A COMPARATIVE STUDY OF PLANT-BASED BURGERS AND MEAT BURGERS
With the rising concerns over climate change, the question that has risen to popularity is “what is my carbon footprint?” People want to know what the carbon footprint of the clothes they choose to wear is, what the carbon footprint of the electronics they us, the products they use and even the food they eat. It is well documented that the carbon footprint of producing meat for consumption is considerably higher compared to that of a vegetarian diet.
This article dives into the carbon footprint of America’s staple food: a burger. The scope of this article was to determine carbon emissions based on beef and veggie burgers consumed in an average year. The emissions factors used in the study are based on life cycle analysis of the main ingredients used for veggie patties and a life cycle analysis of producing beef. For more accurate results the emissions factors should also include the downstream processing of beef into a beef burger patty and processed vegetables into a veggie burger patty, along with additives that go into these patties with their corresponding carbon footprint. This will be considered in Scope 2 of the study to determine the carbon footprint of making a burger.
The plant based artificial meat alternatives are better for the environment in terms of carbon emission. As reported by the EPA, agriculture sector is the second largest carbon emissions contributor, encompassing 24% of the total carbon emissions in the United States, of which livestock has a heavier contribution.
Agricultural emissions include crop and livestock production for food. Upstream sources of emissions for crop production are application of fertilizers, irrigation, drainage of organic soils, and growth of nitrogen fixing crops. Whereas, upstream sources of emissions from livestock are enteric fermentation, which is the production of methane from the natural digestive process and manure management which produces methane and nitrous oxide.
Enteric fermentation represents over a quarter of emissions from the agricultural sector, while manure management accounts for 12% of the agricultural sector’s emissions depending on how the manure is treated and stored. One of the ways to mitigate emissions from livestock would be altering their diet and their manure can be better managed to produce renewable energy, however the impact from these will not be as significant due to the organic nature of the source of emissions.
Figure 1 shows a breakdown of upstream emission sources in agricultural sector from crop production and livestock based on 30 years of data reported to EPA.

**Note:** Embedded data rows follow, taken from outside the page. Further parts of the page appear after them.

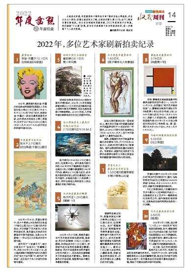 从拍卖总价看,年度最贵的十幅作品中有7幅来自佳士得拍卖,并且占头七个席位;苏富比拍卖则占2幅,分别名列第8、第10位;余下1幅来自富艺斯拍卖。但从各自领域的突破来看,2022年度则有不少惊喜。我们梳理“十之最”发现,多位艺术家刷新了各自的拍卖纪录,进一步推高了个人成交数据。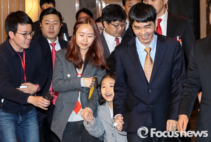 (서울=포커스뉴스) 15일 오후 서울 광화문 포시즌스 호텔에서 열린 구글 딥마인드 챌린지 매치 시상식을 마친 바둑기사 이세돌 9단(맨 오른쪽)이 아내 김현진 씨, 딸 혜림 양과 함께 발걸음을 옮기고 있다.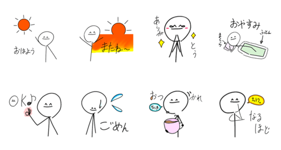 ニコニコしている棒人間のシンプルで使いやすい日常スタンプです。ニコぼ〜というのは「ニコニコぼ〜にんげん」という私の適当なキャラクターの略です。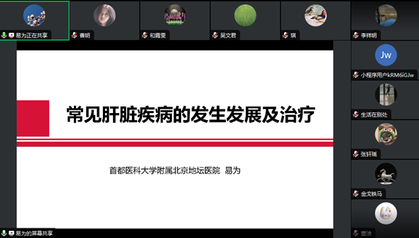 北京地坛医院是一家以传染病学为重点和特色的三级甲等医院,集医疗、科研、教学、预防于一体,为国家传染病医学中心主体医院。易为医生经验丰富,在肝病的研究方面有深厚的造诣。她详细讲述了肝脏的功能,系统阐述了酒精性肝病、非酒精性脂肪性肝病、药物性肝病、慢性乙型丙型肝炎等几种常见肝病的发生发展过程、治疗手段及预防方法,并结合临床医学的实例和相关统计数据,为大家带来一场内容深刻、形象生动的医学教育讲座,并与参加活动的人员进行了良好的沟通和互动。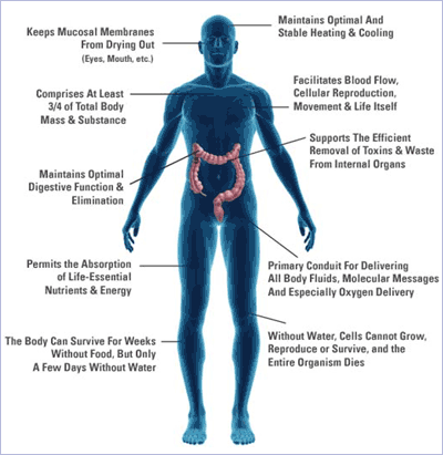 Manusia boleh hidup lagi kalau tiada makanan tapi boleh mati kalau tanpa air. Sel dalam kulit tidak dapat berfungsi dengan baik sekiranya kekurangan air. Keperluan air dalam badan yang di perlukan oleh lelaki adalah 65 manakala bagi perempuan pula memerlukan 55. Air biasa atau air sejuk ia boleh diambil dengan cukup tergantung kepada berat badan anda.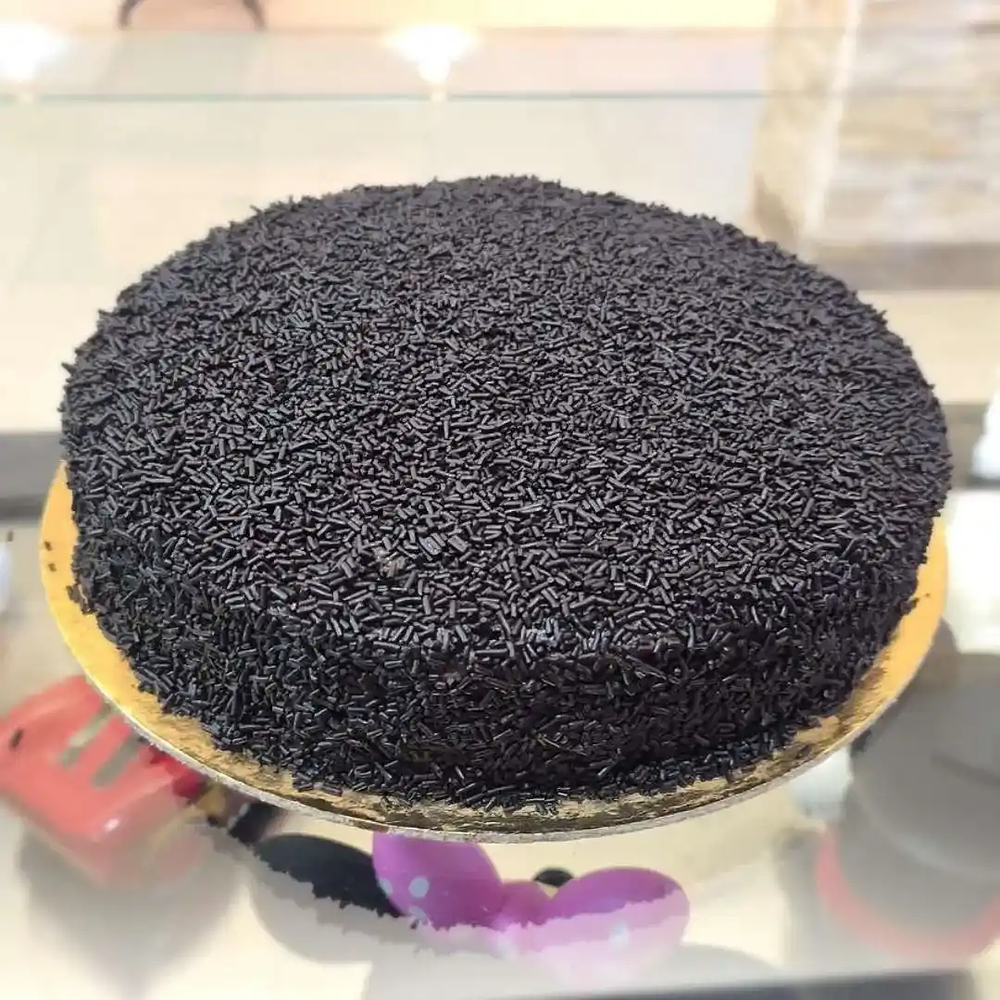 Massa de chocolate, recheado e coberto com chocolate de cacau e leite condensado e decorado com granulado de chocolate de cacau.

Based on the average emissions reported for the last 30 years to EPA, overall production of crop clearly has a higher contribution to carbon emissions compared to livestock as illustrated in figure 1.

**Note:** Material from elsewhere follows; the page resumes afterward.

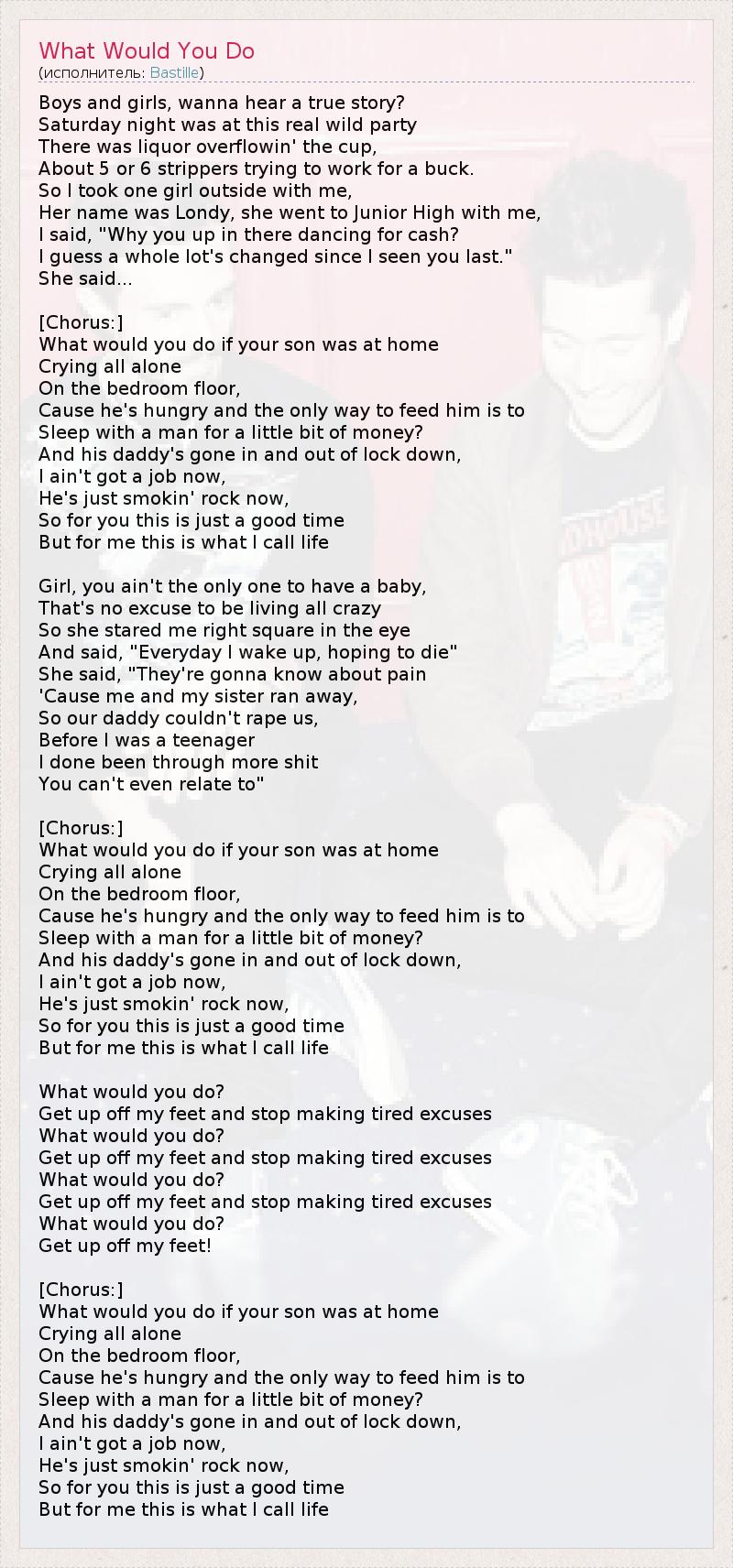 Мальчики и девочки, хотите услышать историю? Субботним вечером была дикая тусовка, Ликер струился из переполненных бокалов, Пять или шесть стриптизерш пытались заработать пару баксов. Я вышел с одной из них на улицу, Её звали Лонди, она ходила со мной в школу. Я спросил: "Почему ты здесь, танцуешь за деньги? Кажется, с нашей последней встречи многое изменилось". Она ответила: [Припев:] А что бы ты делал, если бы твой сын сидел дома Совсем один и плакал На полу в спальне? Потому что он голодный, и единственный способ его прокормить – Это переспать с мужиком за копейки? А его папаша опять в тюрьме. У меня нет работы, А он где-то курит крэк. Так что для тебя это – отлично проведенное время, А для меня это – жизнь. Знаешь, девочка, не у тебя одной ребенок. Такой безбашенной жизни нет никакого оправдания. Она посмотрела на меня честными глазами И сказала: "Каждое утро, открывая глаза, я хочу умереть". Она сказала: "Что они знают о боли. Я и моя сестра сбежали из дома, Чтобы отец не изнасиловал нас. А ведь я была ещё совсем ребенком. Я прошла через столько дер*ма, Сколько тебе и не снилось". [Припев:] А что бы ты делал, если бы твой сын сидел дома Совсем один и плакал На полу в спальне? Потому что он голодный, и единственный способ его прокормить – Это переспать с мужиком за копейки? А его папаша опять в тюрьме. У меня нет работы, А он где-то курит крэк. Так что для тебя это – отлично проведенное время, А для меня это – жизнь. Что бы ты делал? Я бы встал с колен и перестал искать себе слабые оправдания! Что бы ты делал? Я бы встал с колен и перестал искать себе слабые оправдания! Что бы ты делал? Я бы встал с колен и перестал искать себе слабые оправдания! Что бы ты делал? Я бы встал с колен! [Припев:] А что бы ты делал, если бы твой сын сидел дома Совсем один и плакал На полу в спальне? Потому что он голодный, и единственный способ его прокормить – Это переспать с мужиком за копейки? А его папаша опять в тюрьме. У меня нет работы, А он где-то курит крэк. Так что для тебя это – отлично проведенное время, А для меня это – жизнь.

However, when production volumes are considered, the carbon footprint of producing one metric ton of meat significantly outweighs the carbon footprint of producing one metric ton of crop. Based on 2017 data summarized in Table 1, which is the most recent data for production volumes data available for meat and crop, one metric ton of crop produced emits 0.283 metric tons of CO2e into the atmosphere, while producing one metric ton of meat emitted almost 7 metric tons of CO2e into the atmosphere.
Table 1: Summary chart of 2017 for crop and livestock carbon footprint per metric ton of unit produced.
So, one metric ton of crop production has a 95% lower carbon footprint compared to producing the same volume of meat. Of course, this data set is all inclusive, it includes all crops and animals that are consumable. However, not every crop produced is used to only make veggie patties, and not all livestock will produce a beef patty.
So, to determine carbon footprint of producing beef for a beef patty versus a veggie patty, granularity in livestock data was achieved to include only cows and the crop production to include only Barley, Corn and Soybeans, which are few of the main ingredients of a veggie burger. Veggie patties are made of a large variety of veggies but these three were chosen due to data availability reasons.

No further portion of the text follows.